The Lavoline Taylor used to remove paint from her hands was in the carport. After I’d got off most of the black spray paint, I ran back inside, grabbed my coat, and called Angus. “Eli’s out there,” I said. “If Alex checks in, tell him I’ve gone out to look for him.”

“Are you going to bring him back here?”

I shook my head. “I think when we’ve worked everything out, Eli will just want to go home.”

When I pulled out onto Regina Avenue, I decided that, instead of heading directly for Albert Street, I’d double-back along the lane. Somehow, I couldn’t believe that, having worked up the courage to come to our house, Eli would simply run away again. The decision was a good one. The gravel of our alley was spongy from the rain, and I had to keep the Volvo moving at a snail’s pace. Nonetheless, it didn’t take long to find Eli. As I’d anticipated, he hadn’t gone far. My headlights picked him out, curled up between my neighbour’s back fence and our communal garbage bin. I jumped out of the car and ran to him.

“Come on, Eli. You and I have things we need to talk about.”

“Just leave me.”

“I’m not going to leave you.”

“You don’t know what I’ve done.”

“You didn’t do anything.”

“You don’t know.”

“But I do know. Get in the car with me, and I’ll explain. If you’ll give me a chance, I can show you that you didn’t do anything wrong.”

After a few seconds, he slowly got to his feet and headed for the car. Without a word, he slid into the passenger seat, closed the door, and sat, staring straight ahead. I glanced over at him. “Are you okay?”

Eli nodded. The light from the alley threw the carved beauty of his profile into sharp relief. Except for the trembling of his lower lip, he was absolutely still.

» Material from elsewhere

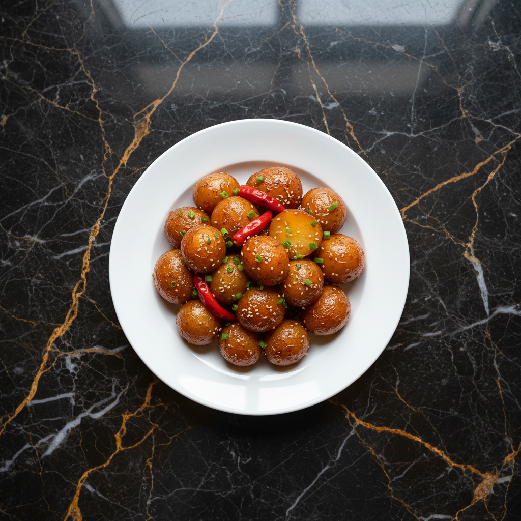 Tender, bite-sized potatoes coated in a glossy, sweet, and savory soy glaze. This popular banchan (side dish) is simple to make and incredibly comforting.

The road that winds through Wascana Park offers few places to pull over, so I drove straight to the cul-de-sac Justine had parked in the night of her death. It was behind an information booth that heralded the pleasures of Regina, the Queen City. The booth wasn’t much: a Plexiglas-protected map of the area; a display case filled with posters of past and future events; a public telephone; and a clear view of both the Boy Scout memorial and the shoreline from which we’d watched the races.

I turned to Eli. “Look down there and tell me what happened that night after you decided you couldn’t stay at the football game with us.”

“Noooooo.” The word ululated into a moan.

“Okay,” I said quickly. “Let’s go back to a better time. We’re at the game. All of us. We were having fun. Then you and Angus went off for nachos.”

“Just a fucking Indian,” he said furiously.

I took his hand. “That’s what the man said, and you were hurt and angry. Eli, tell me what happened next.”

“I walked down Winnipeg Street – found some guys. They were doing solvent. They wanted me to do it too, but I wouldn’t.”

“Good for you,” I said. “Then what happened?”

“I didn’t know where to go.” His voice broke. “I couldn’t go home. I didn’t want to disappoint my uncle again.”

“He loves you, Eli. You couldn’t disappoint him.”

“Don’t make me do this,” he said miserably.

I stroked his hand. “We have to,” I said. “Now, you decided you couldn’t go home, so you came back here to where we watched the races.”

“Not on purpose,” he said. “At least I don’t think so. I was just walking, and I ended up here.” He smiled. “But it
was
nice to remember. I guess I fell asleep.”